After the mousse and eggs were brought out, the gazpacho was presented in a container resembling the top half of a martini glass set in a dish of ice. The presentation looked more appropriate for caviar, and came across a little twee for gazpacho. The soup was topped with microgreens and small chunks of lobster. No idea where the croutons came in. The soup was made well with a smooth flavor but was wholly unremarkable in any aspect other than its splashy presentation.
Our server came back bearing French fries and again asked us if we were interested in rethinking our position on small and large plates. Jesus, it was more complicated than buying a timeshare. No, we were not interested. She put down our fries in a huff and scooted out. Pommes frites were made to counteract the fatty richness of a steak or protein with a pillowy, starchy carbohydrate. Five dollars gets you a small bucket of conventional, thin French fries and two housemade condiments. The fries were stacked precariously high, like edible Jenga blocks, and inevitably fell on the table when I tried to release them from their greasy prison. I was unimpressed, as these fries looked like the smaller clone of those at Local Burger, which are tastier and come in three times the quantity for half the price. The condiments were piquant and unique, with a ketchup similar to Sir Kensington’s and a tasty, herbed malt vinegar mayonnaise. These were tasty, but served up in shot glasses with the ounces marked clearly. The condiments did not go above the one ounce mark, which looked rationed and cheap.
At this point, I should mention that our server had completely given up on us. This forfeit, coming from someone who forgot the word for plantains while dutifully intoning the nightly special, was pretty ballsy. The remainder of the dinner was spent trying to usher us out as quickly as possible, asking two more times if we wanted entrees despite our obvious irritation and refusal, and going as far as to give us our check while we were still eating after we had mentioned wanting dessert. This was unacceptable and rude, and if she was trained to rush dissatisfied customers out to make room for those who care to go whole hog, clearly The Suburban is relying on the good graces of those who are susceptible to pretension.
There are plenty of restaurants where I am happy to spend upwards of $200 with a generous tip, because their food is sublime and their service impeccable.
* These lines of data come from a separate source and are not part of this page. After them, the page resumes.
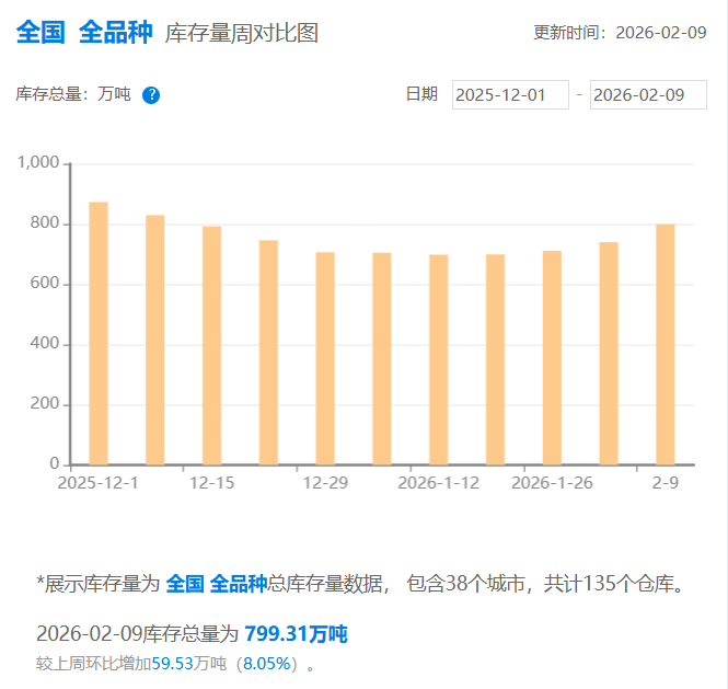 新华财经北京2月9日电 钢银电商最新数据显示,截至2月9日当周,全国38个城市,共计135个仓库的城市钢材总库存量为799.31万吨,较上周环比增加59.53万吨,增幅8.05%。
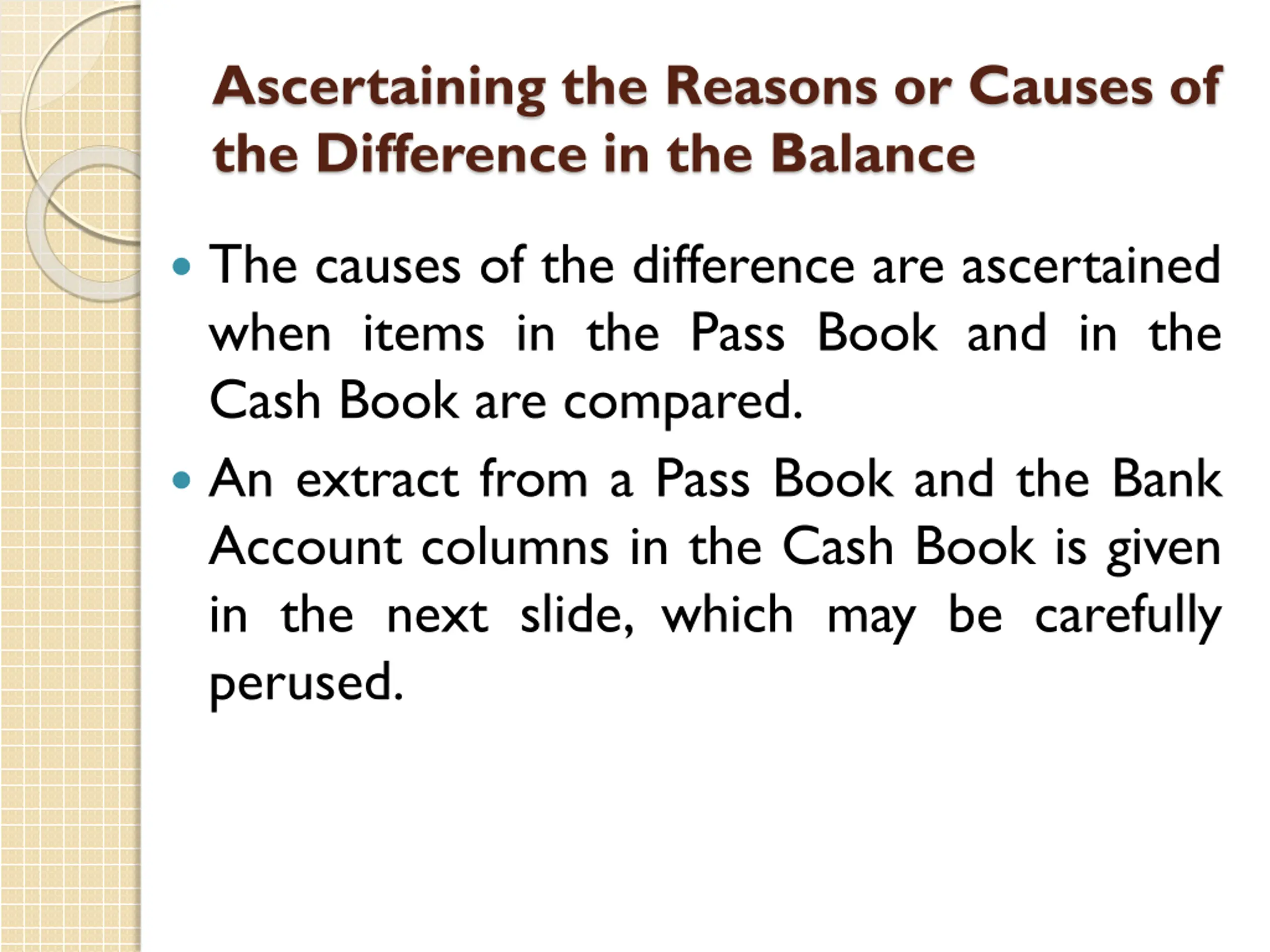 Ascertaining the Reasons or Causes of the Difference in the Balance The causes of the difference are ascertained when items in the Pass Book and in the Cash Book are compared. An extract from a Pass Book and the Bank Account columns in the Cash Book is given in the next slide, which may be carefully perused.
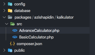 Sebagai sedikit bocoran, AzisHapidin\Kalkulator\ diatas akan menjadi namespace untuk package yang kita buat, jadi nanti ketika kita ingin import sebuah kelas pada package bisa dengan kode seperti ini:
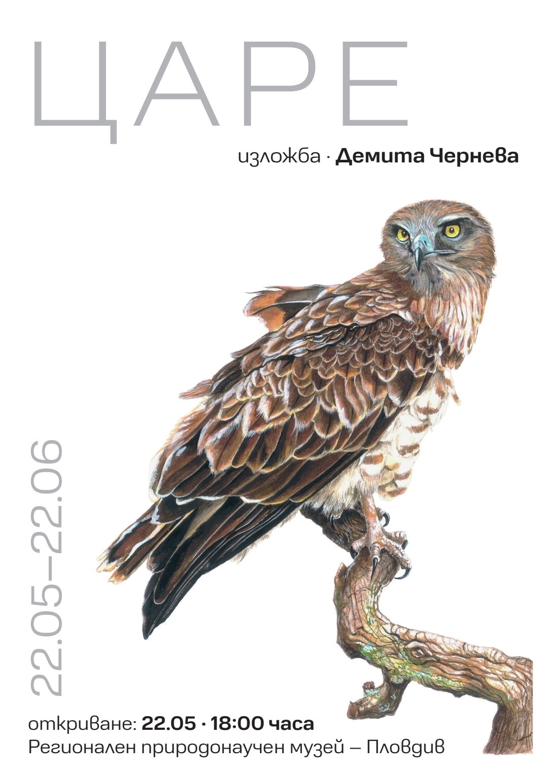 329 На 22.05.2025 (четвъртък) от 18:00 в Регионалния природонаучен музей – Пловдив ще бъде открита първата самостоятелна изложба на авторката Демита Чернева – „ЦАРЕ“. Изложбата е посветена на емблематични и редки видове хищни птици – гнездящи и срещащи се в България орли и лешояди. Серията включва 12 оригинални акварелни творби, представени с изчистена естетика и фин усет към детайла. С почти научна точност, всяка птица е изобразена в характерна поза – кацнала, в пълен покой. Изключение правят царският орел и брадатият лешояд – изобразени в полет и в по-голям мащаб, те внушават движение и сила, превръщайки се в централни акценти на експозицията. „Царе“ е повече от изложба – това е лична почит към природата, визуален архив на един застрашен свят, носеща и природозащитно послание – покана към зрителя да преосмисли крехкото равновесие между човека и дивото. Демита Чернева завършва Националната художествена гимназия „Цанко Лавренов“ в Пловдив и Националната художествена академия в София, специалност Скулптура. В последните години работи активно в областта на рисунката и акварела, като темите ѝ често се свързват с дивата природа и животинския свят. В момента работи и по международния проект Central Asian Vultures, където чрез рисунки допринася за визуалната идентичност и популяризиране на опазването на лешоядите в Централна Азия. „Царе“ е първата ѝ самостоятелна изложба, посветена изцяло на хищните птици на България. Посетителите на Музея могат да видят творбите в Изложбената зала до 22.06.2025. Откриващото събитие е с вход свободен. Може да ви хареса също Премиера в Драматичен театър Пловдив – „Дреднаути. Пиеса за женска публика“ AL BANO: Да пея на сцена като Античния театър в Пловдив е чест и вдъхновение Ансамбъл „Тракия“ с нов мащабен спектакъл, вдъхновен от река Марица България с пълен национален отбор за Европейското първенство по стрелба с лък в Пловдив
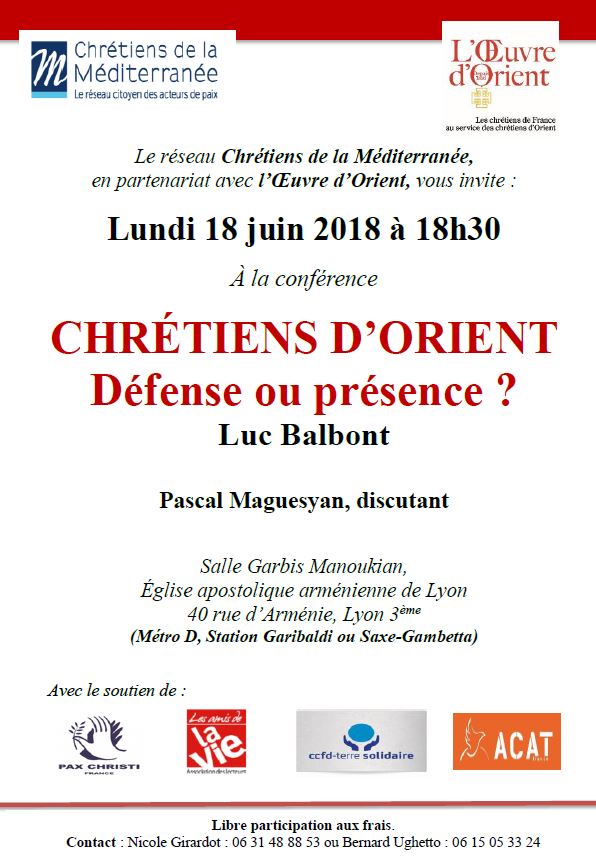 La conférence est organisée par le réseau Chrétiens de la Méditerranée, en partenariat avec l’Œuvre d’Orient.
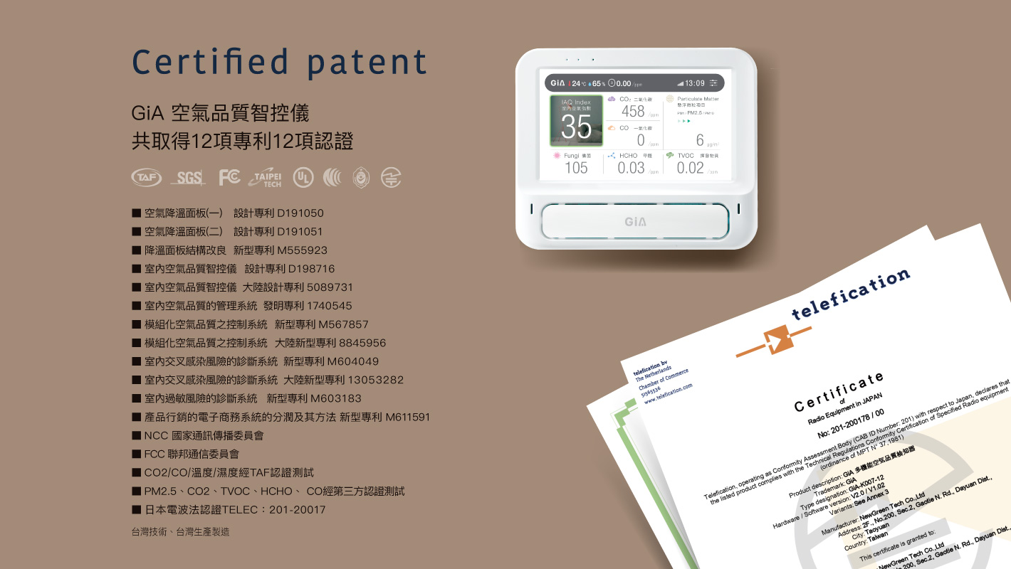 ■ PM2.5、CO2、TVOC、HCHO、 CO經第三方認證測試
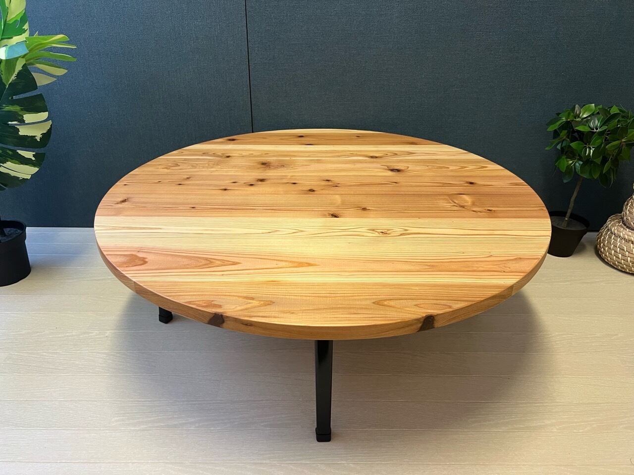 ◎荒々しい木目が綺麗な杉材を天板に使用した、丸型ローテーブルです。(真円では御座いません!)
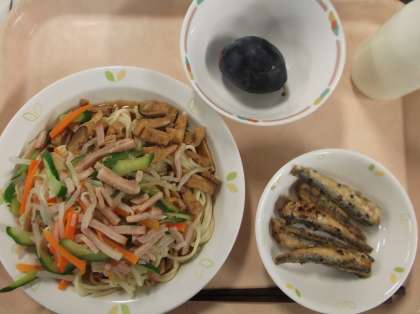 献立 冷やし中華 小イワシのごまあげ プルーン 牛乳
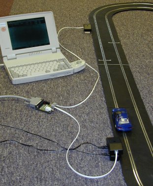 這個想法是記錄一個scalextrix汽車在兩點之間通過的速度。為此,兩個簧片開關安裝在軌道旁邊,它們之間的距離為1米。
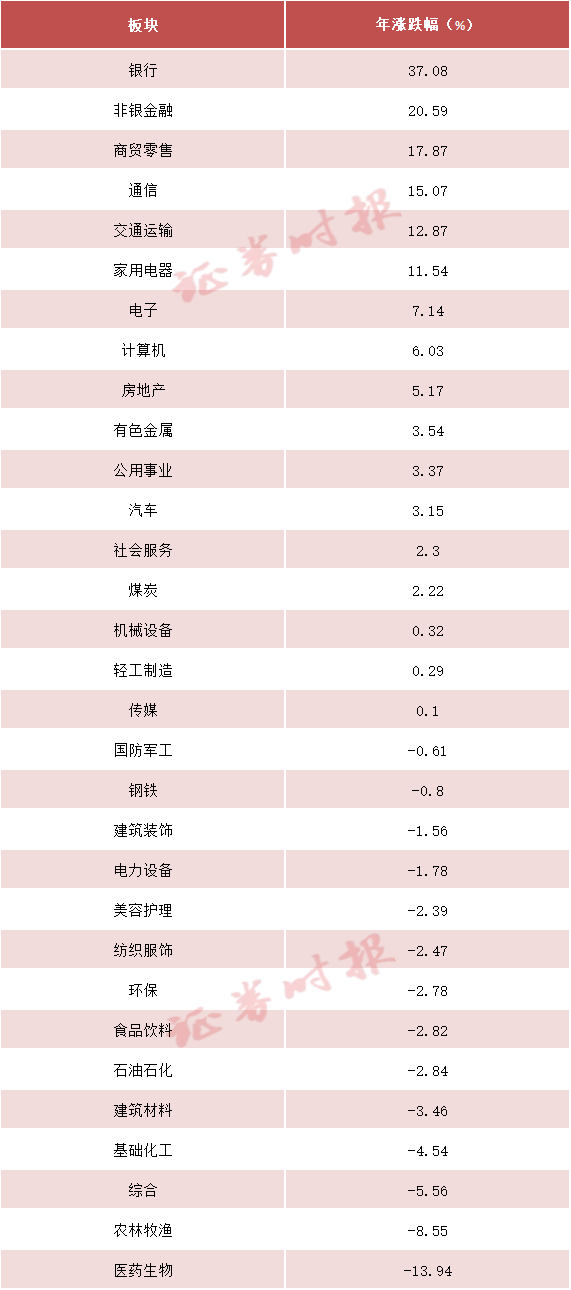 银行板块表现最为抢眼,年度涨幅高达37.08%,国有大行如工商银行、建设银行等屡创历史新高。非银金融板块表现次之,年度涨幅为20.59%,东方财富、中国人保等多只个股年度涨幅超50%。商贸零售、通信、交通运输、家用电器等板块年度涨幅亦超过10%,而电子、计算机、房地产等板块涨幅在5%以上。

I had hoped that The Suburban would become part of that list, but no such luck. I feel that, with the unprofessional service, poor attention to detail, tense environment, and lackluster menu here, it would be akin to going back to an abusive partner again and again and being continually disappointed and upset with what they had to offer. In spite of their high ratings from multiple reputable news agencies, I observed that the staff at The Suburban were rude and unaccommodating to other customers and didn’t seem to be able to fill many seats. If I were to go here again and drop my hard-earned money, it would be only my own fault for succumbing to their smoke and mirrors again.
UPDATE 9/16: The Suburban is CLOSED! Long live G-Zen!